Task to complete:
Would you repeat the data below exactly, taking out the images?

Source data
┌──

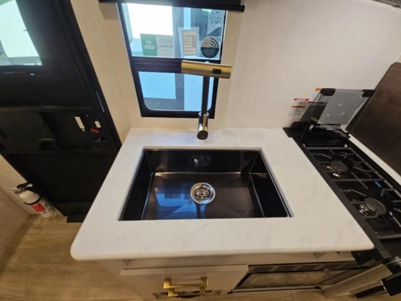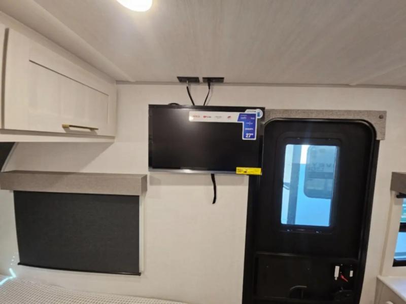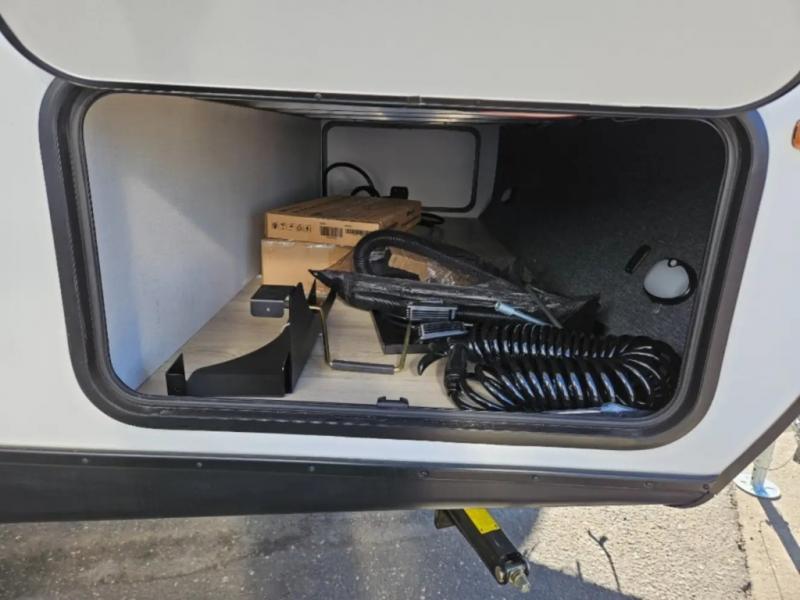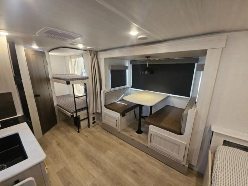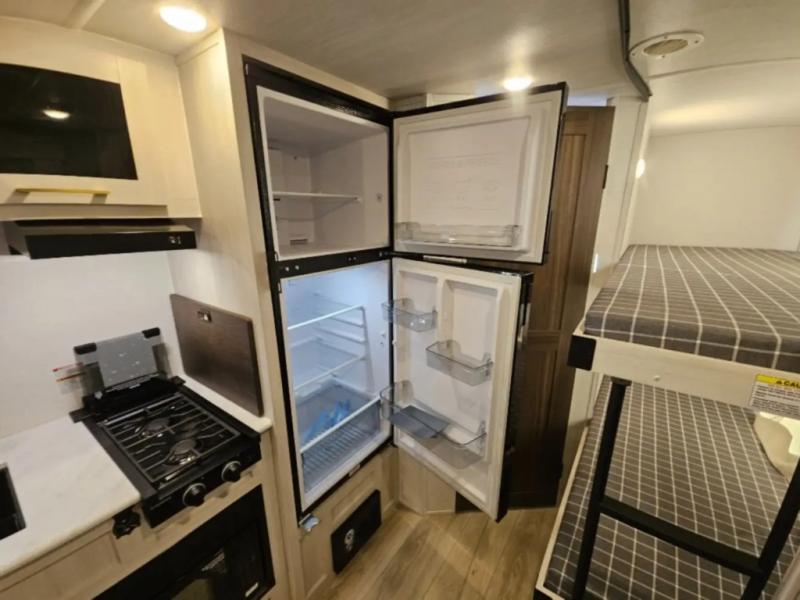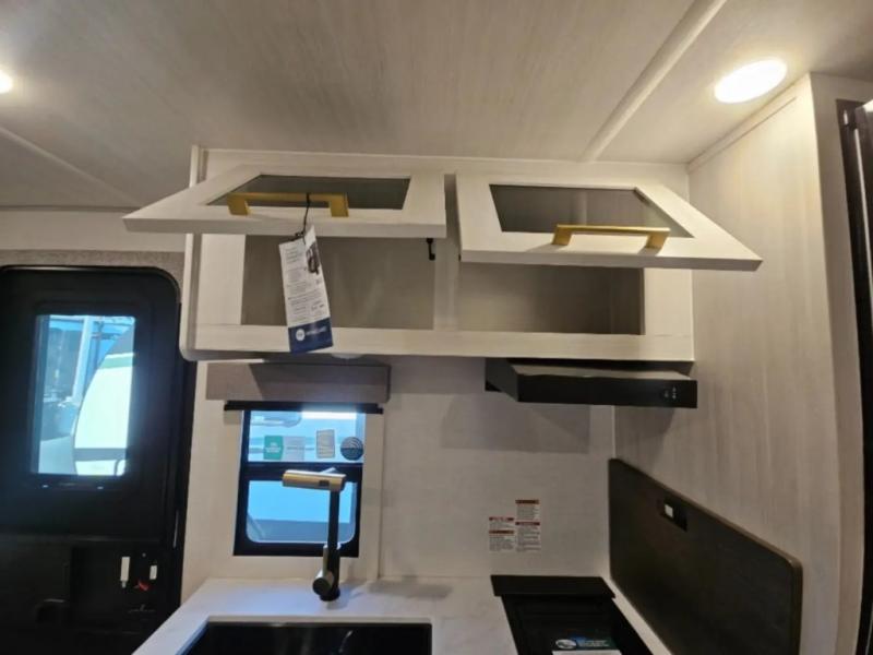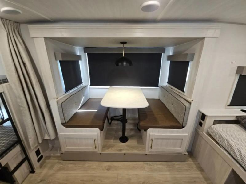 Bring along family or friends in this travel trailer that can sleep up to five people each night. The dinette slide will provide the chef space to cook on the two burner cooktop, or they may just head outdoors to cook on the outside kitchen. There is also an outdoor shelf here and a spray port for your convenience. The true queen-size bed up front is sure to provide a great night's rest, plus there is a "Stargazer" front window that will allow natural light in and beautiful starry nights.
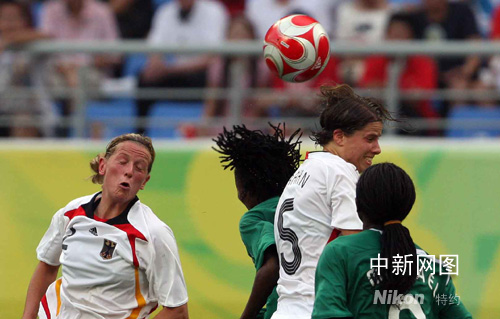 圖:北京奧運(yùn)女足德國嚴(yán)防尼日利亞進(jìn)攻
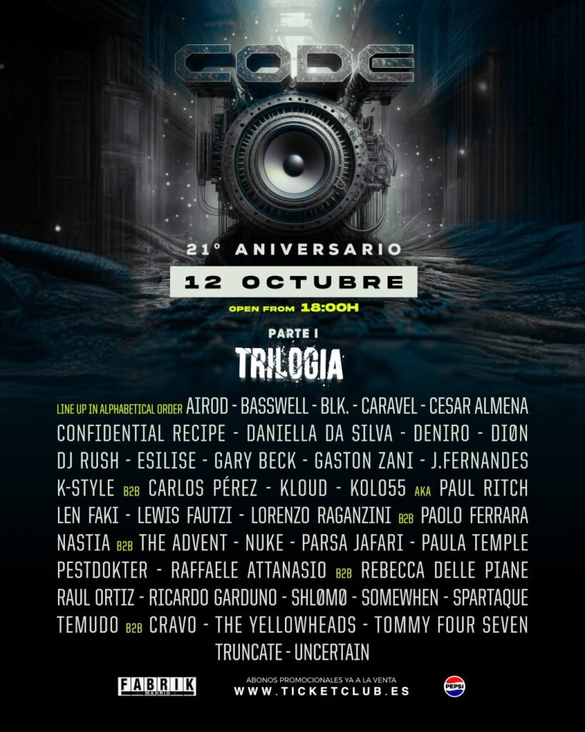 Ya conocemos los horarios y áreas de la 1era de las fechas del Aniversario CODE 2024, el sábado 12 de octubre de 2024 CARTEL COMPLETO CODE OCTUBRE 🚨 Este 12 de octubre comienza la celebración del 21 aniversario de @codebyfabrik a lo bestia Una vez más la marca volverá a proponer un evento para todos los gustos y con todos los sonidos en #FABRIK. Leyendas del #techno como Dj Rush, @len_faki, @lewisfautzi, @nastia.dj b2b @ciscoadvent, @paulatemple o @truncate_la combinados con los sonidos más actuales de @blk.luvs.u, @airod_music, @basswell, @caravel__, @wearekloud, @lorenzoraganzini B2B @paoloferrara_official o @shlomo_taapion. ¡Y mucho MUCHO más! 🏋🏻🥵 ENTRADAS e INFO
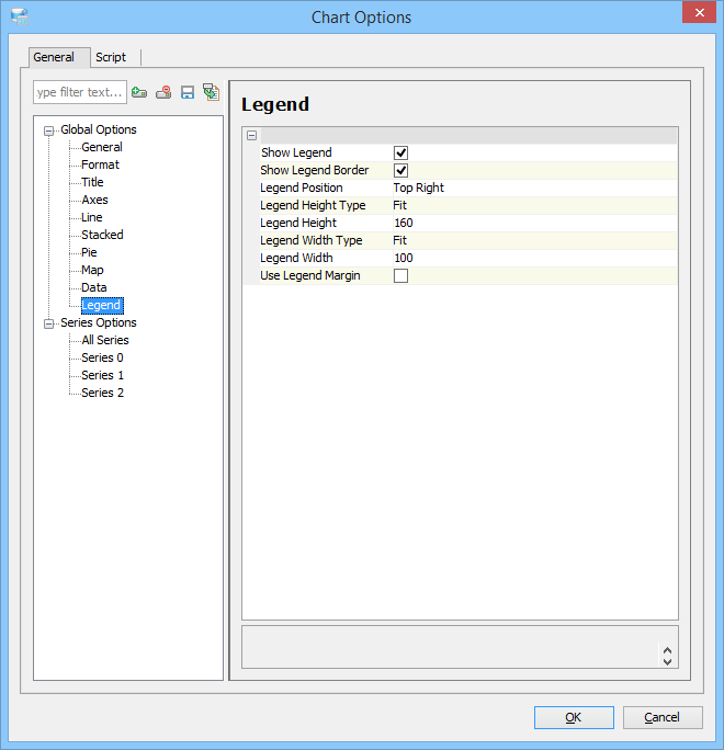 Chart Options for Aqua Data Studio contain a complete set of variables and values to alter the chart as needed, including background color, chart title, label distance, axis titles, category axis number format and much more. Series Options ( Advanced Chart Options ) information is presented at the bottom of this page. It is possible to search the chart options using the field at the top left of the Chart Options Dialog. Any matching text found in an option section ( Format, Title, Axes, etc.), option name or option description gets highlighted in the section and bolded to make it easy locate where your search term has been found.
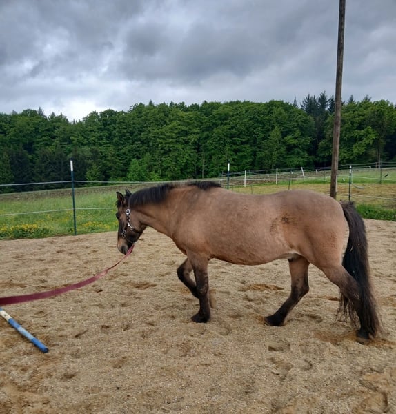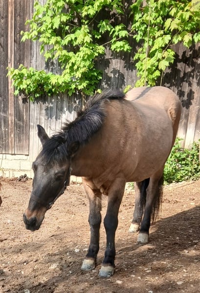 Due to a reduction in stock, our 25-year-old Icelandic gelding is seeking a loving new home. He is only conditionally rideable and is therefore better suited as a leisure, companion, or therapy horse. His calm, balanced nature makes him absolutely child-friendly and fearless – ideal for equine-assisted therapy as well. He is an eczema sufferer and requires an eczema blanket during the appropriate seasons. His size is approximately 1.40 m. He is familiar with various keeping methods, such as open stables and overnight box stalls. In a herd, he proves to be very social: - More subordinate with larger horses - Dominant with Shetlands, but always friendly and well-mannered. We are looking for a quiet, suitable home where he will continue to receive loving care.
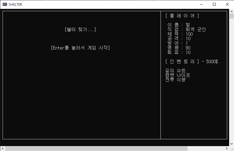 'C# > 텍스트 게임 "Shelter"' 카테고리의 다른 글
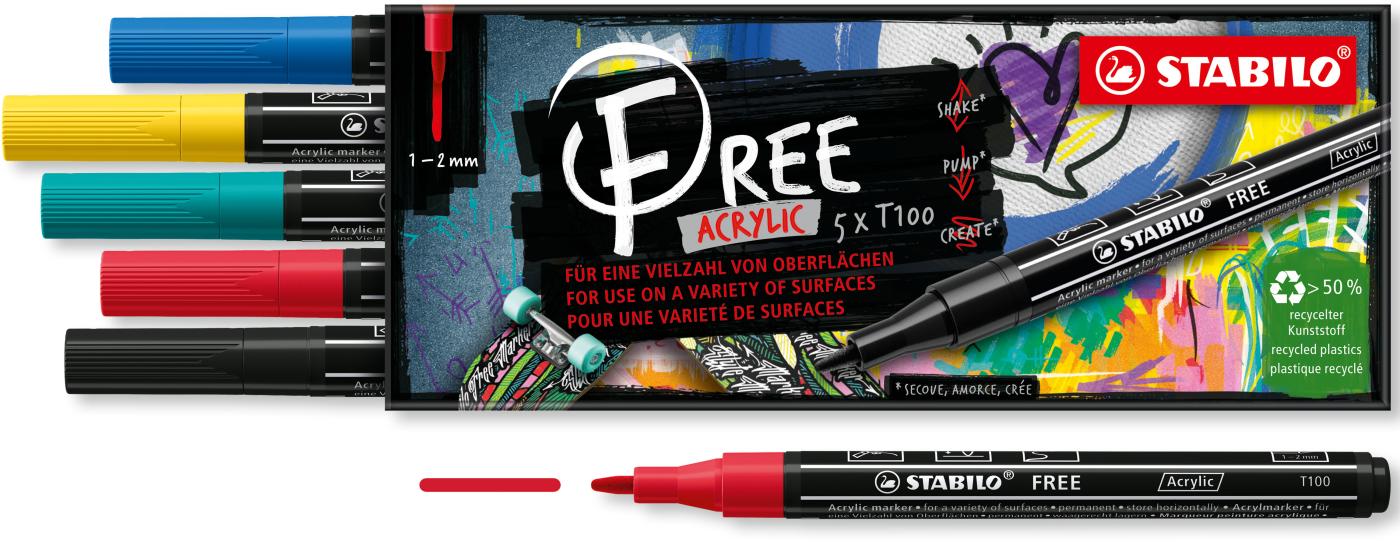 STABILO FREE Acrylic T100 1-2mm 691/5-01 Royal 5er Etui
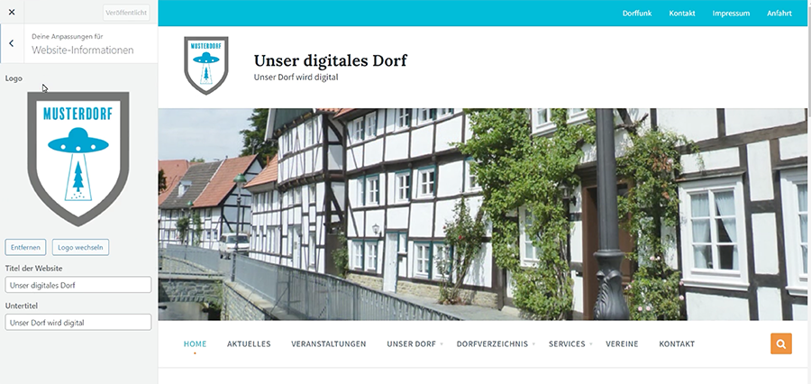 Hier kannst Du das Dorflogo, den Titel und den Untertitel verändern.
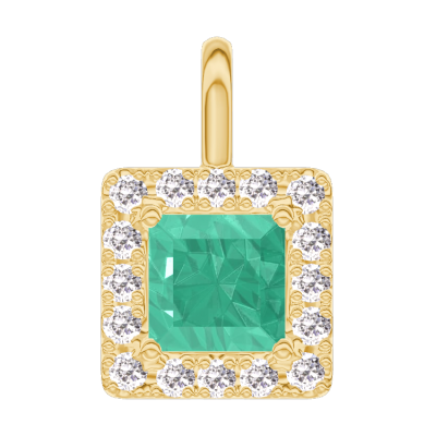 « L'ATELIER » NR. 207250Pandantiv Aur galben 9 carate - Smarald Princess 0.3 carate - Halo Diamant - Fără lanţ

└──

Output of the task:
 Bring along family or friends in this travel trailer that can sleep up to five people each night. The dinette slide will provide the chef space to cook on the two burner cooktop, or they may just head outdoors to cook on the outside kitchen. There is also an outdoor shelf here and a spray port for your convenience. The true queen-size bed up front is sure to provide a great night's rest, plus there is a "Stargazer" front window that will allow natural light in and beautiful starry nights.
 圖:北京奧運(yùn)女足德國嚴(yán)防尼日利亞進(jìn)攻
 Ya conocemos los horarios y áreas de la 1era de las fechas del Aniversario CODE 2024, el sábado 12 de octubre de 2024 CARTEL COMPLETO CODE OCTUBRE 🚨 Este 12 de octubre comienza la celebración del 21 aniversario de @codebyfabrik a lo bestia Una vez más la marca volverá a proponer un evento para todos los gustos y con todos los sonidos en #FABRIK. Leyendas del #techno como Dj Rush, @len_faki, @lewisfautzi, @nastia.dj b2b @ciscoadvent, @paulatemple o @truncate_la combinados con los sonidos más actuales de @blk.luvs.u, @airod_music, @basswell, @caravel__, @wearekloud, @lorenzoraganzini B2B @paoloferrara_official o @shlomo_taapion. ¡Y mucho MUCHO más! 🏋🏻🥵 ENTRADAS e INFO
 Chart Options for Aqua Data Studio contain a complete set of variables and values to alter the chart as needed, including background color, chart title, label distance, axis titles, category axis number format and much more. Series Options ( Advanced Chart Options ) information is presented at the bottom of this page. It is possible to search the chart options using the field at the top left of the Chart Options Dialog. Any matching text found in an option section ( Format, Title, Axes, etc.), option name or option description gets highlighted in the section and bolded to make it easy locate where your search term has been found.
 Due to a reduction in stock, our 25-year-old Icelandic gelding is seeking a loving new home. He is only conditionally rideable and is therefore better suited as a leisure, companion, or therapy horse. His calm, balanced nature makes him absolutely child-friendly and fearless – ideal for equine-assisted therapy as well. He is an eczema sufferer and requires an eczema blanket during the appropriate seasons. His size is approximately 1.40 m. He is familiar with various keeping methods, such as open stables and overnight box stalls. In a herd, he proves to be very social: - More subordinate with larger horses - Dominant with Shetlands, but always friendly and well-mannered. We are looking for a quiet, suitable home where he will continue to receive loving care.
 'C# > 텍스트 게임 "Shelter"' 카테고리의 다른 글
 STABILO FREE Acrylic T100 1-2mm 691/5-01 Royal 5er Etui
 Hier kannst Du das Dorflogo, den Titel und den Untertitel verändern.
 « L'ATELIER » NR. 207250Pandantiv Aur galben 9 carate - Smarald Princess 0.3 carate - Halo Diamant - Fără lanţ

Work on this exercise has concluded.